Screenshot of PleaseFixThisSite.com, featuring all of the design sins described below.
Honestly, I’ve seen worse.

Inspired by XKCD 3113 “Fix This Sign”, the site features marquee animations, poor font choices, wonky rotation and alignment, and more.

Like the comic, it aims to “extort” people offended by the design choices by allowing them to pay to fix them. Once fixed, a change is fixed for everybody… at least, until somebody pays to “reset” the site back to its catastrophic mode.

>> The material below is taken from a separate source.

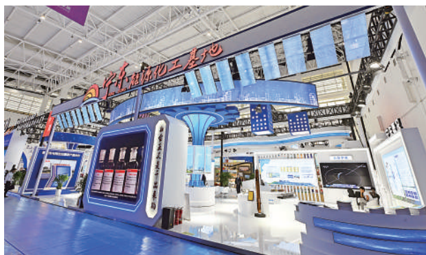
宁夏能源化工基地展区。

XKCD comic. Transcript: [A single panel containing a large, elevated sign with Ponytail standing in front of it.] [Title, slightly off horizontal, more to the right than central and the character spacing is not entirely consistent/aesthetic:] Doanate[sic] to fix this sign! [To the left of the lower part of the sign there is an 'QR code', tilted slightly with a plaintext link beneath it:] https://[illegible].com [To the right are several dollar values, in one column, and 'fixes', in a second, some of which have their own self-demonstrating quirks.] [The letters "R" and "N" may be too close together:] $10 fix kerning [Both dollar value and fix text are shifted left of their respective columns:] $20 align columns [This line is in a smaller font:] $20 fix text size $50 fix typo $50 fix centering $100 fix rotation [Ponytail stands looking at the sign, apparently in the process of using a smartphone:] Grrr... [Caption below panel:] My new company's business model is based on extorting graphic designers.
I can’t criticise Humidity Studios for taking a stupid idea from XKCD and taking it way too far, because, well, there’s this site that I run

That’s cute and all, but the difference between a billboard and a web page is, of course, that a web page is under the viewer’s control. Once it’s left the server and reached your computer, there’s nothing the designer can to do stop you editing a page in any way you like. That’s just how the Web works!

A great way to do this is with userscripts: Javascript content that is injected into pages by your browser when you visit particular pages. Mostly by way of demonstration, I gave it a go. And now you can, too! All you need is a userscript manager plugin in your browser (my favourite is Violentmonkey!) and to install my (open source) script.

PleaseFixThisSite.com but with all of the problems fixed.
Much better! (I mean, still not a pinnacle of design… but at least my eyes aren’t bleeding any more!)

I enjoyed the art of the joke that is PleaseFixThisSite.com. But probably more than that, I enjoyed the excuse to remind you that by the time you’re viewing a Web page, it’s running on your computer, and you can change it any way you damn well please.

Don’t like the latest design of your favourite social network? Want to reinstate a feature of a popular video playing site? Need a dark mode to spare your eyes on a particular news publication? Annoyed by artificial wait times before you’re “allowed” to click a download button? There’s probably a userscript for all of those. And if there isn’t, you can have a go at writing one. Userscripts are great, and you should be using them.